The Real Reason to Buy Markel Stock

When looking for the best stocks to buy, it helps to look for those companies with a competitive advantage over their peers. Markel definitely has one...

Jun 12, 2014 at 1:59PM


Markel Corp (NYSE:MKL) is an insurance holding company with a wide variety of products. Since its founding in 1930, the company has grown tremendously and continues to do so. What makes Markel different than the rest, and is it a good fit for your portfolio?

An insurance business like no other
What makes Markel different than most insurance companies is the sheer diversity and uniqueness of its product line.

The company's wholesale division provides insurance solutions for common purposes like commercial property and casualty as well as medical malpractice. However, Markel prides itself for its non-standard offerings like its DataBreach and professional liability insurance products, just to name a couple.

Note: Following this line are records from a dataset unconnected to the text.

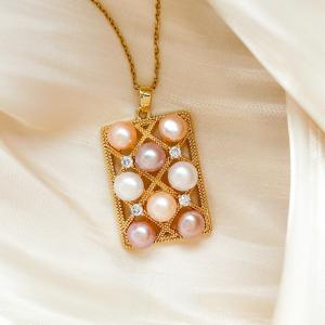 天然彩虹珍珠K金平安无事牌吊坠(赠K...
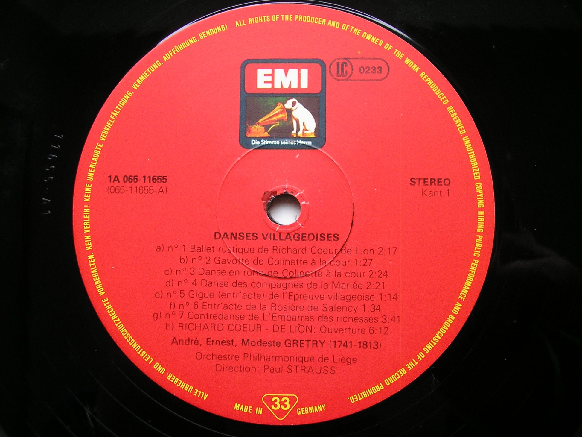 GRETRY: BALLET SUITES from DANSES VILLAGEOISES / CEPHALE & PROCRIS / THREE OVERTURES PAUL STRAUSS / LIEGE PHILHARMONIC 065 11655
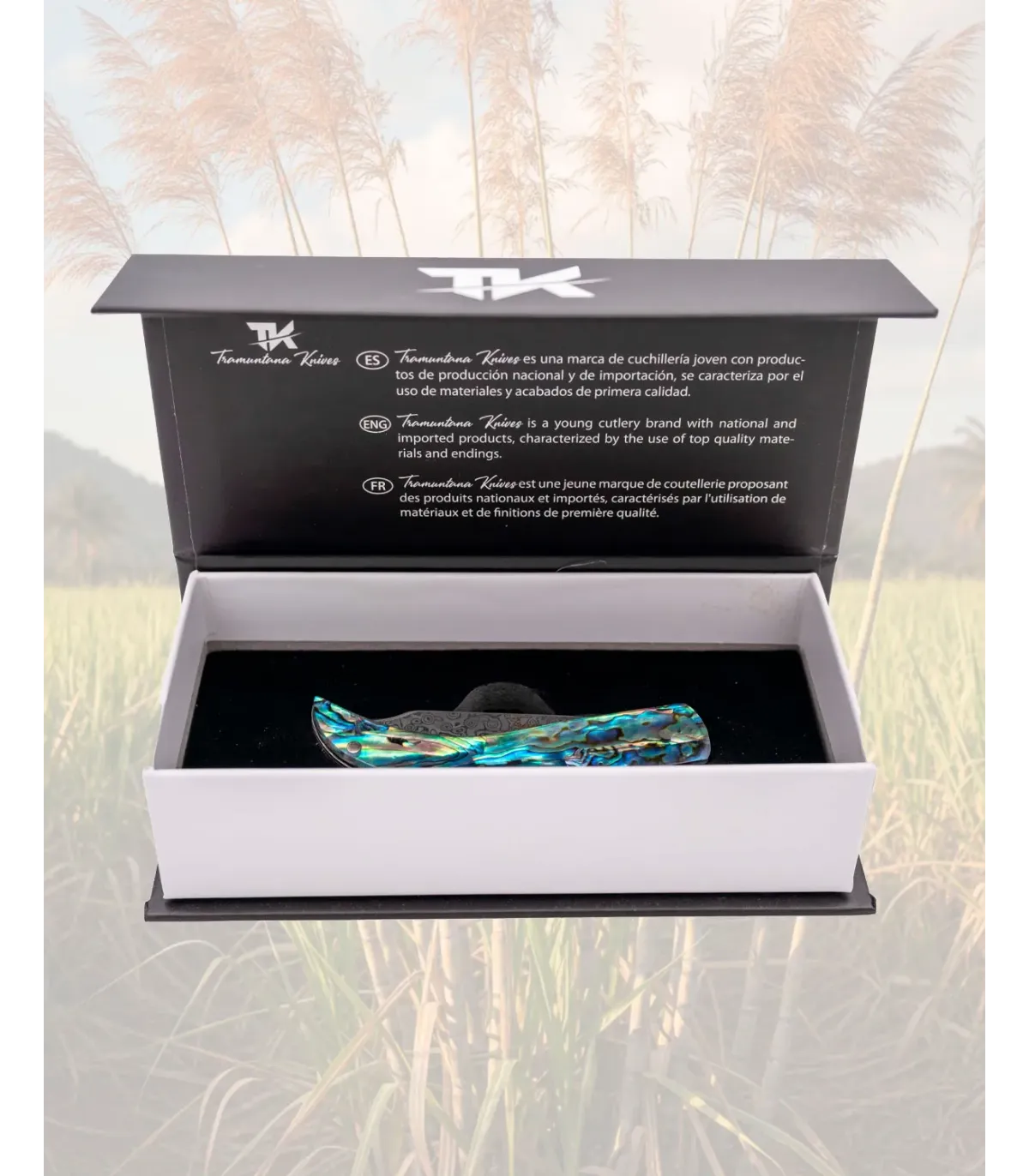 Als je het rustieke mes Tramuntana Knives met een handvat van abalone en hars wilt kopen, kies je voor een mes dat nautische elegantie en nauwkeurige bediening combineert, ontworpen voor wie waarde hecht aan zorgvuldig geselecteerde materialen en met persoonlijkheid afgewerkte producten.
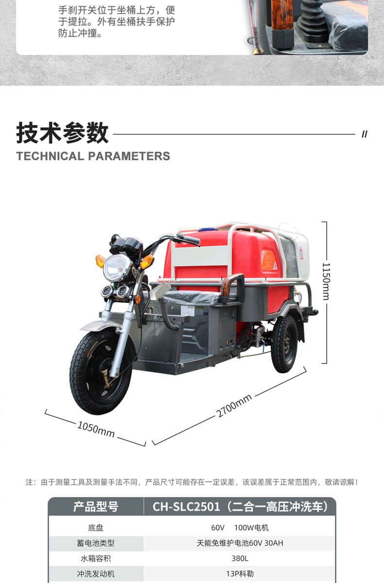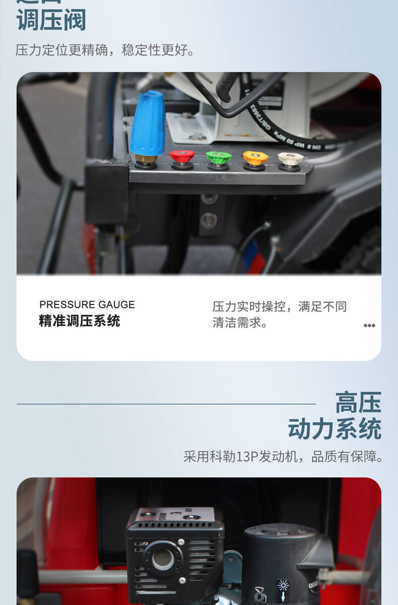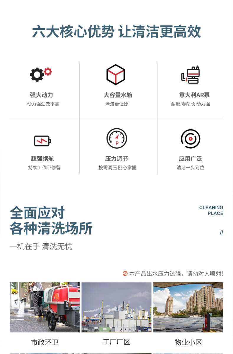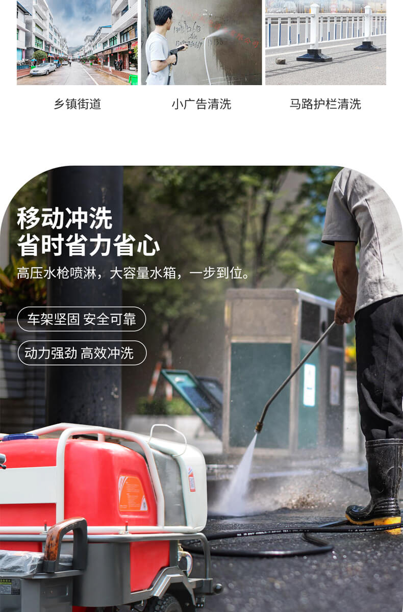 用途:此款二合一高压冲洗车,免维护锂电池,压力实时操控,满足不同清洁需求,进口调节阀压力定位更精确,稳定性能好。可全面应对各种清洗场所,如:市政环卫,工厂厂区,物业小区,乡镇道路,小广告清洗,马路护栏清洗。
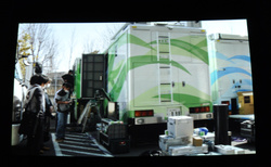 4K撮影の映像は味の素スタジアムに派遣した衛星中継車から送信し、お台場メディアージュのビル屋上に設置したアンテナで受信。シアター常設の4Kプロジェクターで投映した。なお回線容量は約120Mbps、映像圧縮はH.264/MPEG-4 AVCで行い、4K/60pの映像を伝送した。アンテナには今回、可搬型の高い小型のものを使っている。

Markel's Specialty Commercial division offers even more unusual solutions, and specializes in quantifying risks that are tough to determine. For example, the company provides bicycle insurance policies, as well as solutions to insure camps and recreation programs, child care centers, health clubs, farms, investment advisors, and pest control providers.

A full list of their unique specialty commercial programs is available here, and is a very interesting and thought-provoking read. After all, how many other companies have more than 50 years of experience insuring show horses?

There is also an extensive list of personal products Markel provides. Want to specifically insure your karate classes? Want insurance in case your parents' anniversary party needs to be cancelled? You've found the right company.

Impressive growth
One of the reasons Markel has such an enormous array of products is its long history of acquisitions. Since the 1980's, Markel has acquired 15 separate companies, many of which were highly specialized, like a summer camp insurer and a trucking insurance specialist.

Most recently, Markel acquired Alterra Capital, a deal which nearly doubled its insurance portfolio, but even excluding that, the growth is impressive. Markel's portfolio of insurance premiums written has averaged an impressive 18% annual growth rate over the past two decades.

However, aside from the acquisitions, Markel has grown rapidly because it's very good at what it does – offering a unique product to consumers at a price that attracts business. It is also very good at judging risk, and has done a very good job of taking in more in premiums than it pays out.

Over the past decade, Markel's combined ratio (that is, the amount it pays out relative to the premiums it collects) has only been around 100% twice, and just barely, at 101% and 102%. During the past decade as a whole, Markel has averaged a combined ratio of just under 96%, meaning it is doing a very good job of approximating the risk their policies are taking on.

On top of this, Markel receives income from its investments while it holds the collected premiums in its accounts (this is actually how insurance companies make the bulk of their profits).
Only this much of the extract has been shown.